Ok, I reorganized the loops in sub qrj to look something 
like the following (recall qrj is called from parallel 
latitude loop). 

! Save current (k,i) fields from original (i,k) f-array:
do i=1,nlon               ! (nlon==76)
  do k=1,npress           ! (npress=29)
    field1(k,i) = f(i,k1) 
    field2(k,i) = f(i,k2) 
    ...
  enddo
enddo
...
! Init fields in (k,i) arrays:
do i=1,nlon ! (1,76)
  do k=1,npress
    field3(k,i) = 0.
    field4(k,i) = 0.
  enddo
enddo
...
! Sum over wavelength:
do i=1,nlon
  if (idn(i)==1) then ! daytime
    do k=1,npress 
      do n=l1,nlam ! (16,59)
        field3(k,i) = field3(k,i)+blah(n)*blahh(k,i)
        ...
      enddo
    enddo
  endif
enddo
...
! Do other work w/o lamda loop:
do i=1,nlon
  if (idn(i)==1) then ! daytime
    do k=1,npress 
      array(k,i) = ...
    enddo
  endif
enddo
...
! Return updated fields to f-array:
do k=1,kmaxp1
  do i=1,len1
    f(i,k1) = field1(k,i)
    ...
  enddo
enddo

Original and new code is attached.

After a series of runs, this code does not appear to speed
up wall clock time much if at all on the IBM or Origin. 
Sometimes it shows 4-5% speedup, sometimes none at all. On 
the Cray j90 tho, it appears faster by about 8%. I have also 
run it at equinox vs solstice, since the number of daytime 
longitude indices changes, but not much difference in speed.

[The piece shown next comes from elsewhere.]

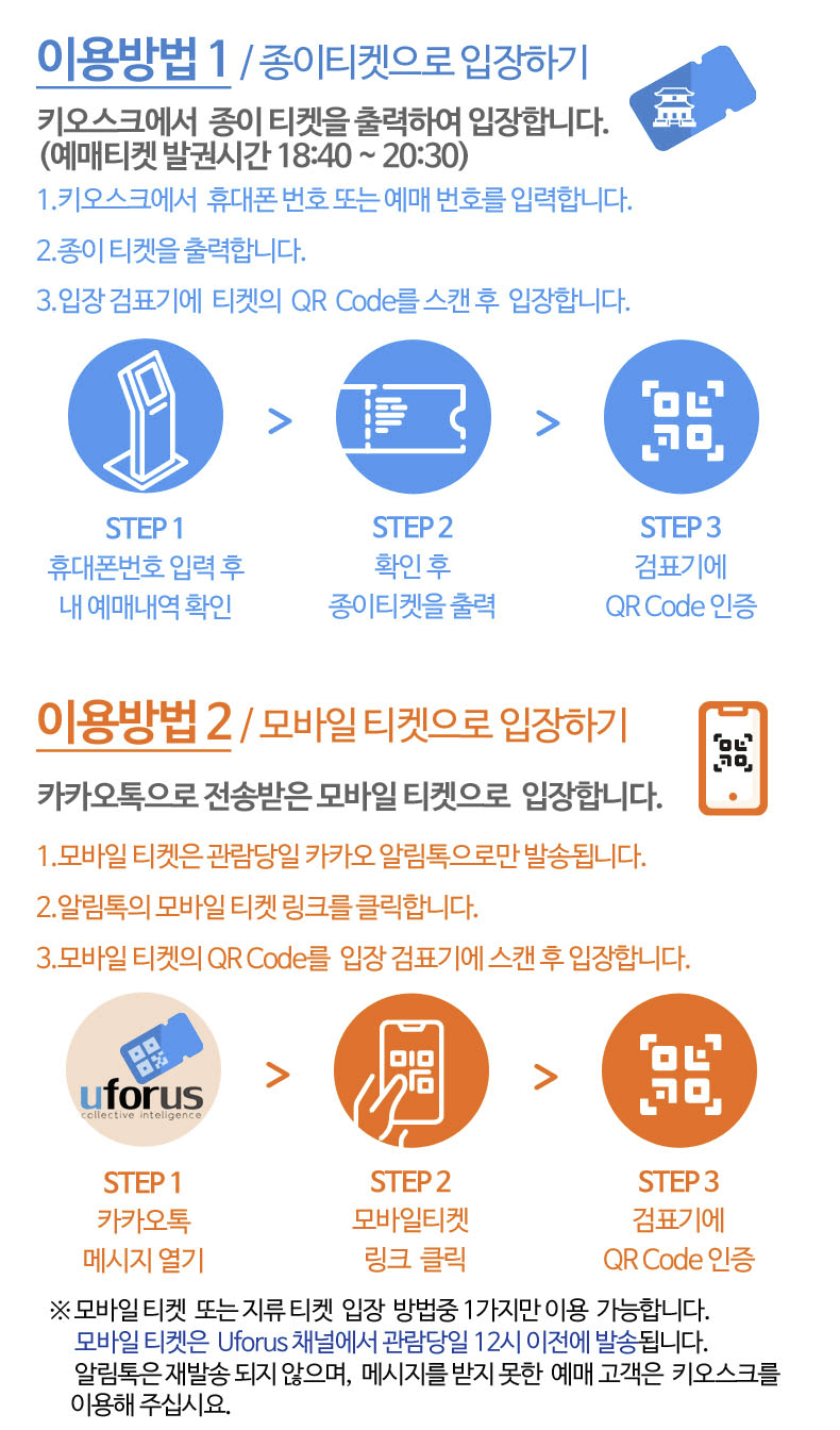 - 관람 당일: 모바일 티켓 또는 무인발권기에서 티켓 수령 후 입장

It also occurs to me that I may be introducing a load imbalance 
in latitude because the number of daytime indices varies
(between 0 and 76) with latitude. 

Did you say something about optimizing/unrolling the transfers
to/from (i,k) <-> (k,i) arrays at beginning and end?

Did you get a chance to look at the "benchmarks" I sent of 
tgcm runs on the 4 platforms?

--Ben